Monday, December 22, 2008

You're a Mean One, Mr Grinch

I have lost my fa-la la-la-la.

In the past 10 days I have:

  • Yelled at someone to get off my lawn (ok, it was really my 6 foot tall fence that some teenage girl was using for a balance beam, in the dark no less, but I still felt like a mean old lady when I told her she needed to go climb someone else's fence)
  • Told someone I couldn't be linked with them on Facebook because that's where I talk to my real friends and that I didn't want to have to censor myself (insert foot in mouth, it was a legitimate reason - I work with her)
  • Had an actual meltdown and cried on my way to dinner with friends becuase I just Did Not Want To Go
  • Was told I have no sense of humor (actually, wait -- I said that and the person I was talking to just agreed with me)

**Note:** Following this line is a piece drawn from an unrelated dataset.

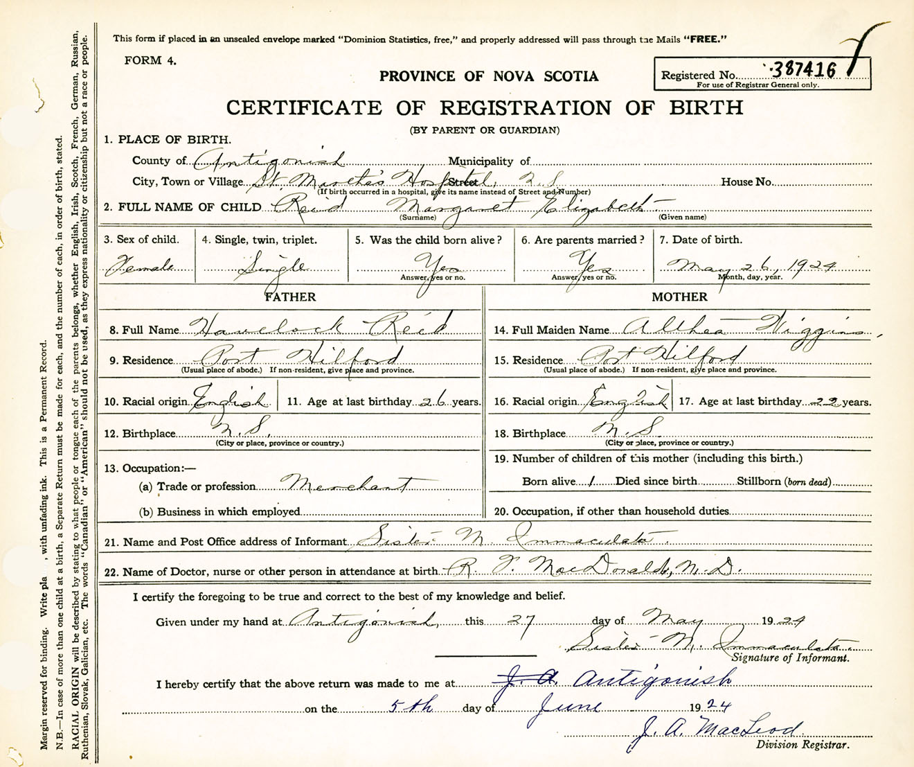 Nova Scotia Archives — https://archives.novascotia.ca/vital-statistics/birth/?ID=450521

I have all my Christmas cards done. All the presents are wrapped and almost all delivered. I'm not traveling anywhere and only have to drive 45 minutes to celebrate Christmas with my parents (on Sunday, no less). There should be no holiday stress left but instead it just seems to be getting worse. I think I'm going completely off the rails.

What is it about the holidays that turn normally rational people into total nut jobs?

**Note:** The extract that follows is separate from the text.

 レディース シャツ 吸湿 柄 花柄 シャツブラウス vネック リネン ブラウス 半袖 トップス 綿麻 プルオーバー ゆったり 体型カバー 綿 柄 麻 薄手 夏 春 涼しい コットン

Thursday, December 11, 2008

Someone Saved My Life Tonight

As is my normal condition lately, I have too much to do. It's making me grouchy. I have a to-do list at work that still has things on it from February 2007. I have a year's subscription to a genealogy site that is going to expire soon, and I only found one afternoon to investigate it. It said I was the 20th great-granddaughter of Geoffrey Chaucer. Hmmm. No time to contemplate that at all. I have tons of "projects" at work and home that a month full of Sundays could never see completed. I guess that's why it's been so hard to get excited about the holidays this year. I've got enough to balance normally without adding a bunch of parties and shopping and cooking.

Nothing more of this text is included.